The Art of Ancient Egypt - M.E-Mathieu.

Aegean art - N. N. Britova.

The Art of Ancient Greece - Yu. D. Kolpinsky.

The art of the Hellenistic era - E. I. Rotenberg.

The Art of Ancient Rome - N. N. Britova.

Art of the Northern Black Sea Coast - N. N. Britova.

The art of Transcaucasia in ancient times - V.V. Shleev.

The art of Ancient Iran - I. M. Loseva (Achaemenid Iran) and M. M. Dyakonov (Sassanian Iran).

Art of Ancient Central Asia - M. M. Dyakonov.

The Art of Ancient India - N. A. Vinogradova and O. S. Prokofiev.

The art of Ancient China - N. A. Vinogradova.

B.V. Weimarn (art of Western Asia, Iran, Central Asia, China) and E.I. Rotenberg (Roman art) took part in editing some chapters of the first volume.

The selection of illustrations and layout of the volume were made by A. D. Chegodaev and R. B. Klimov with the participation of T. P. Kaptereva, A. G. Podolsky and E. I. Rotenberg.

The maps were made by the artist G. G. Fedorov, the drawings in the text were made by the artists Yu.
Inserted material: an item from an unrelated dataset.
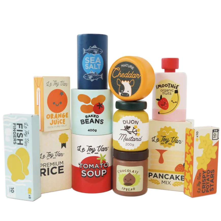 Wunderschönes Holzspielzeug: Le Toy Van Supermarkt Lebensmittel für Kaufladen 12-teilig.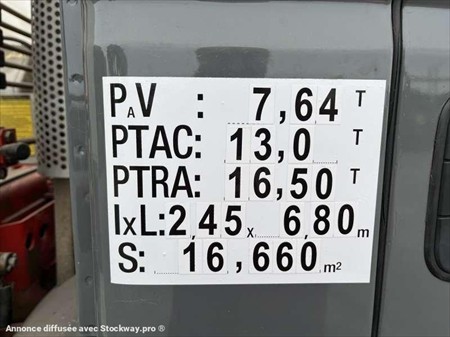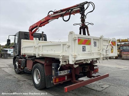 Ce camion benne Grue de la marque Iveco est le modèle Tector 130E18 de 2003.Longueur : 6 M 80Largeur : 2 M 45Poids à vide : 7640 kgPTAC : 13 TPTRA : 16.500 kgTaille pneus : 10 R 22.5Tri benneGrue Fassi F40Benne preneuse Rozzi R30/140ABoite mécaniqueSuspensions à lameAttelage RingfederEpaisseur châssis : 4 MM75.599 km

A. Vasilyev and M. N. Mashkovtsev.

The index was compiled by N. I. Bespalova and A. G. Podolsky, explanations for the illustrations by E. I. Rotenberg.
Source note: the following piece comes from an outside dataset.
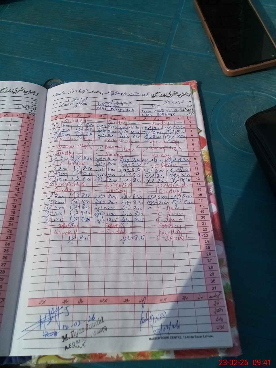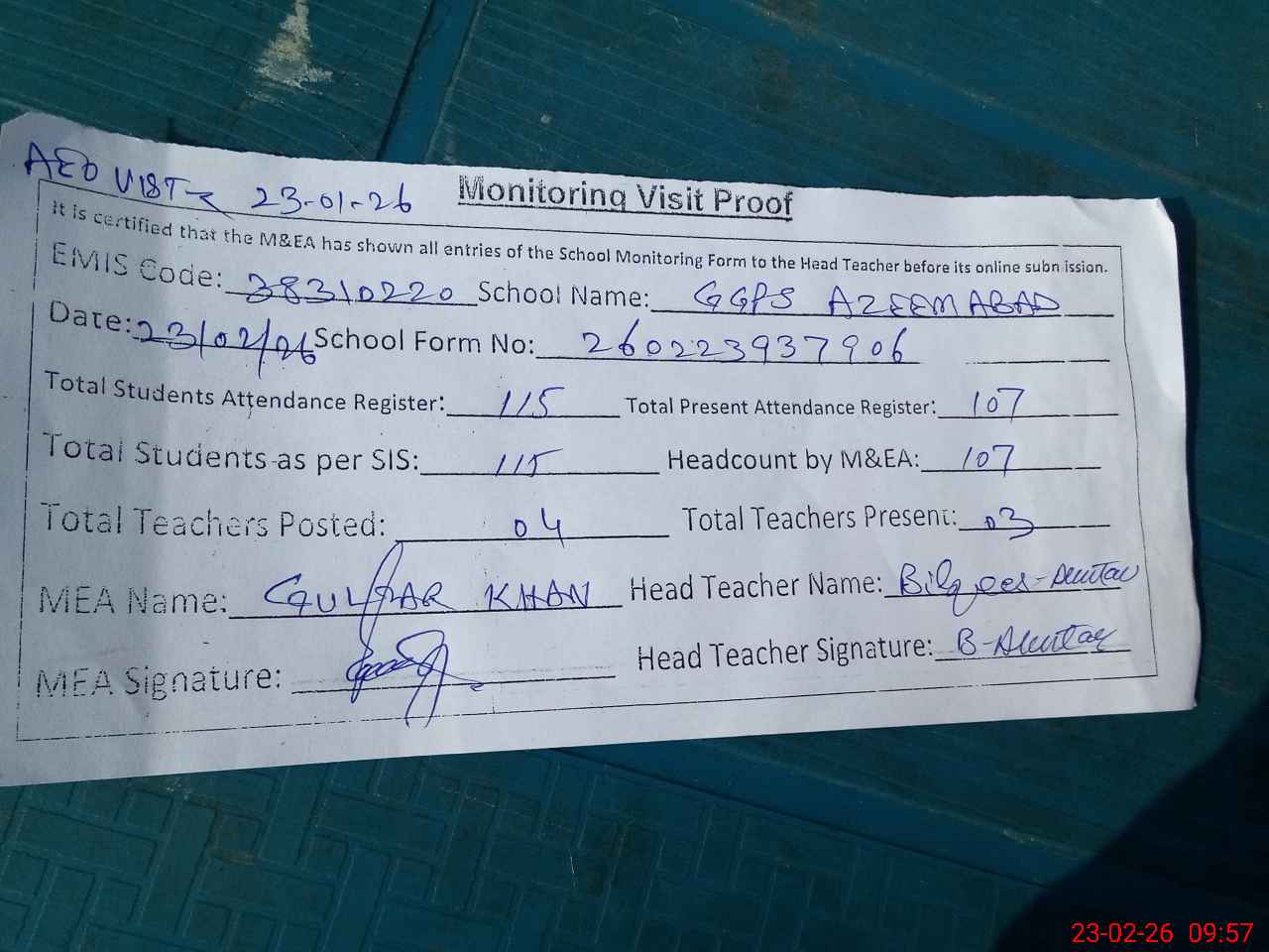 | Attendance Register | Head Teacher | MEA with School | Visit Proof |

Consultations and reviews were carried out by the Institute of Art History of the Academy of Sciences of the USSR, the Institute of the History of Material Culture of the Academy of Sciences of the USSR, the Ancient Orient Sector of the Institute of Oriental Studies of the Academy of Sciences of the USSR, the Institute of the History of Georgian Art of the Academy of Sciences of the Georgian SSR, the Institute of Architecture and Art of the Academy of Sciences of the Azerbaijan SSR, the Sector of the History of Arts of the Academy Sciences of the Armenian SSR, Institute of Theory and History of Architecture of the USSR Academy of Architecture, Department of Art History of Moscow State University. M. V. Lomonosov, Moscow State Art Institute. V.I. Surikov and the Institute of Painting, Sculpture and Architecture named after. I. E. Repin, State Hermitage Museum, State Museum of Fine Arts. A. S. Pushkin, Museum of Oriental Cultures, State Museum of Arts of Georgia.
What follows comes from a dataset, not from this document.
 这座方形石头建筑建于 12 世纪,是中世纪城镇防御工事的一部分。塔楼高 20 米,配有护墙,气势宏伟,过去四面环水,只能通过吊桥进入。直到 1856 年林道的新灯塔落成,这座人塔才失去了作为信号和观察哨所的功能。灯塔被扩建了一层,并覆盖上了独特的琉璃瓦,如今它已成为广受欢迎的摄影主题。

The editorial board expresses gratitude to the scientists who provided great assistance with their advice and criticism in the preparation of the first volume: M. V. Alpatov, Sh. Ya. Amiranashvili, B. N. Arakelyan, M. I. Artamonov, A. V. Bank, V. D. Blavatsky, A. Ya. Bryusov, Wang Xun, A. I. Voshchinina, O. N. Glukhareva, Guo Bao-jun, I. M. Dyakonov, A. A. Jessen, R. V. Kinzhalov, T. N. Knipovich, M. M. Kobylina, M. N. Krechetova, V. N. Lazarev, M. I. Maksimova, V. K. Nikolsky, A. P. Okladnikov, V. V. Pavlov, A. A. Peredolskaya, B. B. Piotrovsky, V. V. Struve, Xia Nai, Tang Lan, S. P. Tolstov, K. V. Trever, S. I. Tyulyaev, N.D. Flittner, Han Shou-xuan, Chen Meng-chia.

Primitive art

Origin of art

N. Dmitriev

Art as a special area of ​​human activity, with its own independent tasks, special qualities, served by professional artists, became possible only on the basis of the division of labor. Engels says about this: “... the creation of arts and sciences - all this was possible only with the help of an enhanced division of labor, which was based on a large division of labor between the masses engaged in simple physical labor and the privileged few who manage the work, engage in trade, state affairs, and later also science and art. The simplest, completely spontaneously formed form of this division of labor was precisely slavery" ( F. Engels, Anti-Dühring, 1951, p. 170).

But since artistic activity is a unique form of knowledge and creative work, its origins are much more ancient, since people worked and in the process of this work learned about the world around them long before the division of society into classes. Archaeological discoveries over the past hundred years have revealed numerous works of visual creativity of primitive man, the age of which is estimated at tens of thousands of years. These are rock paintings; figurines made of stone and bone; images and ornamental patterns carved on pieces of deer antlers or on stone slabs. They are found in Europe, Asia, and Africa. These are works that appeared long before a conscious idea of ​​artistic creativity could arise. Many of them, reproducing mainly figures of animals - deer, bison, wild horses, mammoths - are so vital, so expressive and true to nature that they are not only precious historical monuments, but also retain their artistic power to this day.